Re: [PATCH v25 1/9] sched: Make class_schedulers avoid pushing current, and get rid of proxy_tag_curr()

From: John Stultz

Date: Tue Mar 17 2026 - 00:50:01 EST


On Sun, Mar 15, 2026 at 9:27 AM K Prateek Nayak <kprateek.nayak@xxxxxxx> wrote:
>
> Back to my concern with the queuing of the balance_callback, and the
> deadline and RT folks can keep me honest here, consider the following:
>
> CPU0
> ====
>
> ======> Task A (prio: 80)
> ...
>
> mutex_lock(Mutex0)
> ... /* Executing critical section. */
>
> =====> Interrupt: Wakes up Task B (prio: 50); B->blocked_on = Mutex0;
> resched_curr()
> <===== Interrupt return
> preempt_schedule_irq()
> schedule()
> put_prev_set_next_Task(A, B)
> rq->donor = B
> if (task_is_blocked(B)
> next = find_proxy_task() /* Return Task A */
> rq->curr = A
> queue_balance_callback()
> do_balance_callbacks()
> /* Finds A as task_on_cpu(); Does nothing. */
>
> ... /* returns from schedule */
> ... /* continues with critical section */
>
> mutex_unlock(Mutex0)
> mutex_handoff(B /* Task B */)
> preempt_disable()
> try_to_wake_up()
> resched_curr()
> preempt_enable()
> preempt_schedule()
> proxy_force_return()
> /* Returns to same CPU */
>
> /*
> * put_prev_set_next_task() is skipped since
> * rq->donor context is same. no balance
> * callbacks are queued.
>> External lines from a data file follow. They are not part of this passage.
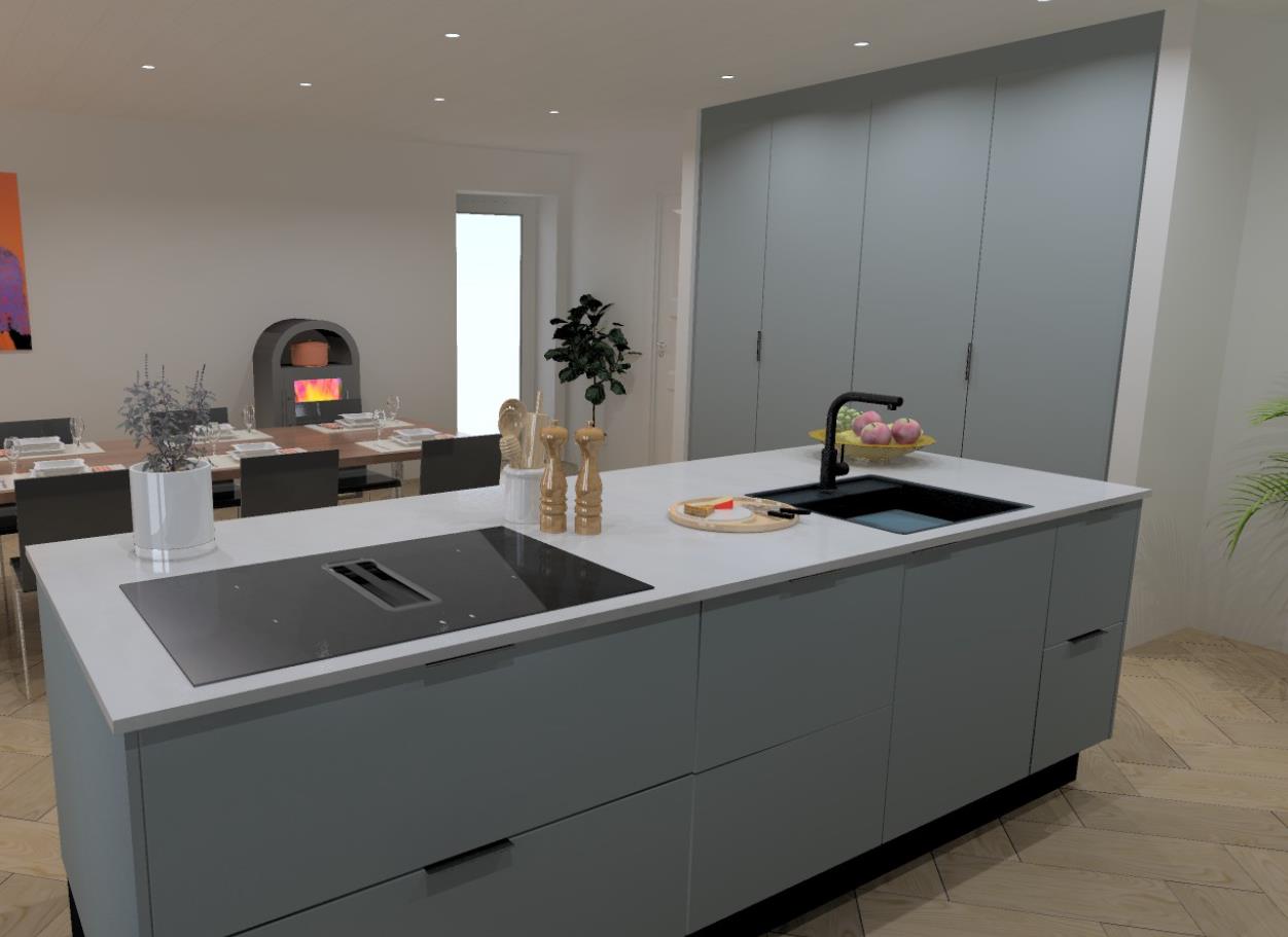 Det åbne køkken er fuldt udstyret med bl.a. opvaskemaskine, mikrobølgeovn, køle-/fryseskab og induktionskomfur – her er der alt, hvad I behøver for at lave lækre måltider. Der er vinkøleskab, så den medbragte vin kan nydes med den rette temperatur.
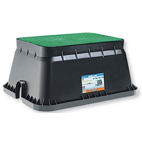 Di forma rettangolare con coperchio protetto da dispositivo di chiusura antivandalo. Resiste alle alte e basse temperature e ai raggi UVA. Contiene 5 elettrovalvole.
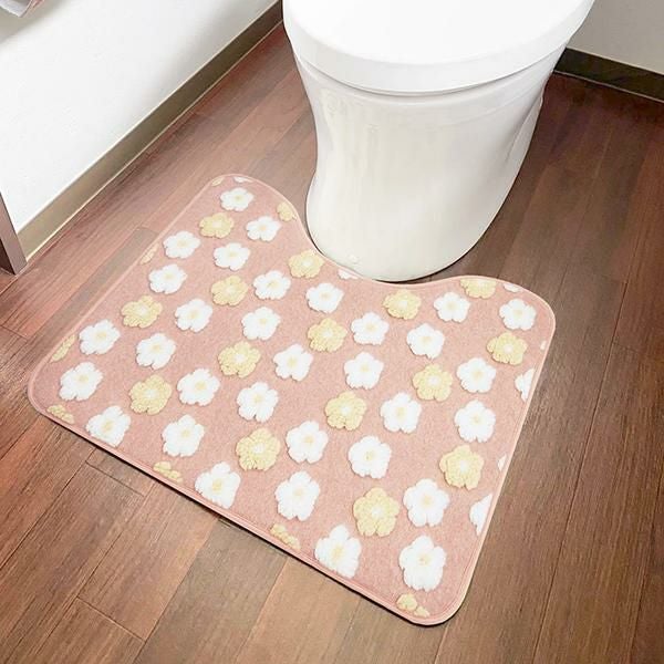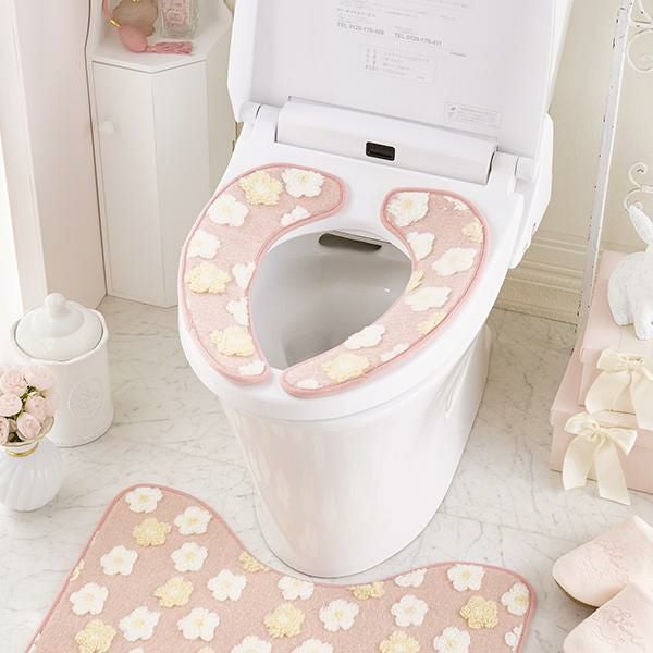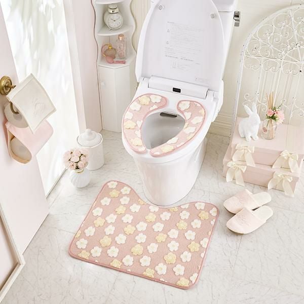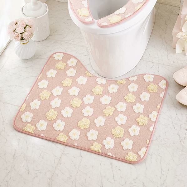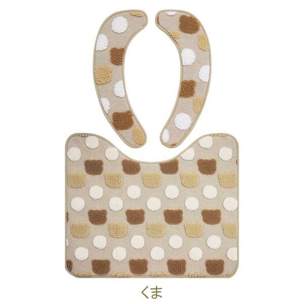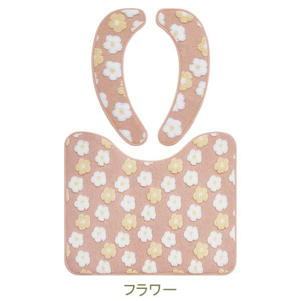 ふんわり柔らかな肌触りの可愛い便座シートとトイレマットの2点セット。もこもこ生地でポコポコと立体的に柄を表現しました。フラワーとくまの優しい温かみのある2柄から選んでいただけます。
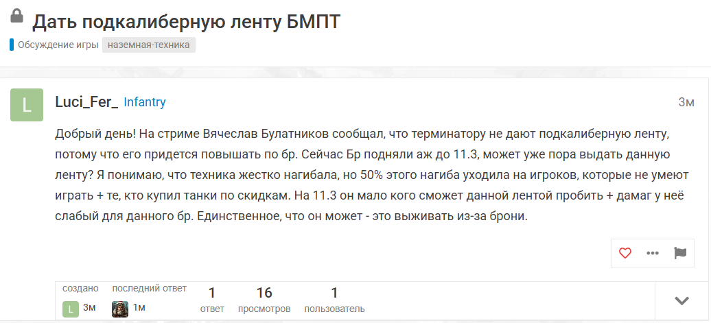Ничего удивительного, в тг и вк ещё больше таких. Хотя было ну просто супер очевидно что его занерфят, причём скорее всего жестче, чем пуму в своё время. Сам подумывал насчёт БМПТ-72, но отбросил эту мысль так как жить на 10.3 ему тогда недолго оставалось
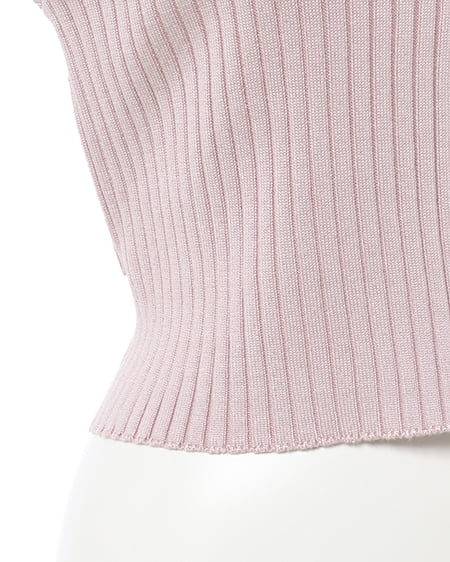 襟付Backウエストリボン半袖ニット(OUTLET)
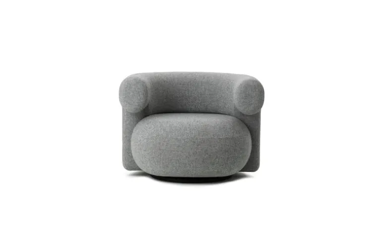 Normann Copenhagens Burra-fåtölj ger en härlig rundhet och omslutande komfort till alla utrymmen där avkoppling är viktigt. Denna skulpturala fåtölj kombinerar en rund sits och böjda armstöd, som vaggar den som sitter i en mild omfamning. Den här Burra-stolen, klädd i en ullblandning, kommer med en snurrfunktion – vilket gör det enkelt att vrida sig mot en samtalspartner eller en fin utsikt.
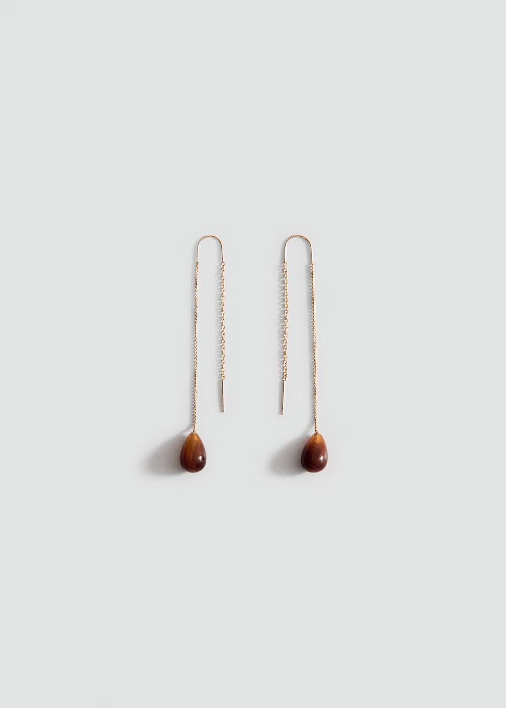 Diseño largo. Diseño de gota. Aplique de resina. Sin cierre
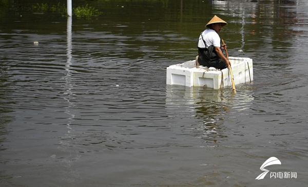 (淄博一居民通過自制皮劃艇過“馬路”)
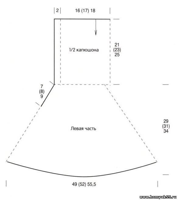 Вяжется целиком, начиная с капюшона: для этого на круговые спицы набрать 39 (41) 45 петель и вязать между кром. жемчужным узором, при этом первые и последние 2 петли (петли планок) и кром. вязать платочной вязкой. Через 21 (23) 25 см от наборного края связать между кром 2 ряда платочной вязкой, затем вязать лиц. гладью, при этом петли планок и кром. вязать платочной вязкой и в 1-м ряду убавить 3 (3) 7 петель (но только не на петлях планок). Одновременно в 1-м ряду протянуть 4 нити контрастного цвета: 1-ю нить после 4-й петли, 2-ю - после 14-й (15-й) 15-й петлм, 3-ю - после 22-й (23-й) 23-й петли и 4-ю - после 32-й (34-й) 34-й п.етли и в каждом 2-м ряду после 1-й нити, перед 2-й нитью, после 3-й нити, перед 4-й нитью прибавить 18 (19) 21 х 1 петле, как описано выше = 108 (114) 122 петель. Одновременно через 28 (31) 34 см от наборного края вязать на всех петлях лиц. гладью круговыми рядами. Через 24 (25) 28 см от капюшона (после прибавлений) связать еще 1 круг ряд лиц. гладью, 6 (8) 8 круг ряд жемчужным узором и 1 круг ряд лиц гладью. После этого петли закрыть. (Длина пончо без капюшона = 29 (31)34 см.

Task A still on the
> * push list.
> */
> rq->donor = B
> rq->curr = B
> =======> sched_out: Task A
>
> !!! No balance callback; Task A still on push list. !!!
>
> <======= sched_in: Task B

Hrm. I'm feeling like I'm a little lost here, specifically after
proxy_force_return(), since it doesn't exist yet at this point in the
patch series. But assuming we're at the "Handle blocked-waiter
migration" point in the series, I'd think it would be something like:

rq->donor= B
rq->curr = A
<< task A >>
mutex_unlock(Mutex0)
mutex_handoff(B /* Task B */)
preempt_disable()
try_to_wake_up()
resched_curr()
preempt_enable()
preempt_schedule()
__schedule()
find_proxy_task()
proxy_force_return()
return NULL
pick_again:
next = pick_next_task()
__pick_next_task() /* Returns B */
rq->donor =B
rq->curr = B
context_switch()
<<switch to B >>
finish_task_switch()
finish_lock_switch()
__balance_callbacks()

Your point "put_prev_set_next_task() is skipped since rq->donor
context is same" wasn't initially obvious to me, as the fair scheduler
does have a (p == prev) check, but it doesn't enqueue balance
callbacks. And for RT/DL/SCX we should be using the pick_task()
method, which calls put_prev_set_next_task() in __pick_next_task().
But indeed, *inside* of put_prev_set_next_task() we return early if
(next == prev).

So I see your concern and agree.

> So what I'm getting to is, if we find that rq->donor has not changed
> with sched_proxy_exec() but rq->curr has changed during schedule(), we
> should forcefully do a:
>
> prev->sched_class->put_prev_task(rq, rq->donor, rq->donor /* or rq->idle / NULL ? */);
> next->sched_class->set_next_task(rq, rq->donor, true /* to queue balance callback. */);
>
> That way, when we do set_nex_task(), we see if we potentially have
> tasks in the push list and queue a balance callback since the
> task_on_cpu() condition may no longer apply to the tasks left behind
> on the list.
>
> Thoughts?

Yeah. I wonder if we can express this inside of
put_prev_set_next_task(). Reworking the shortcut to maybe:
if (next == prev && next != rq->curr)

I probably need to think on this tomorrow, as I suspect the above has
some holes, but it seems like it would catch the cases that would
matter (maybe the issue is it catches too much - we'd probably also
trip it if we A boosted B, and then we hit schedule and again chose A
to boost B, which we probably could have skipped).

I guess adding a new helper function to manually do the
put_prev/set_next could be added to the top level __schedule() logic
in the (prev != next) case, though we'll have to preserve the
prev_donor on the stack probably.

thanks
-john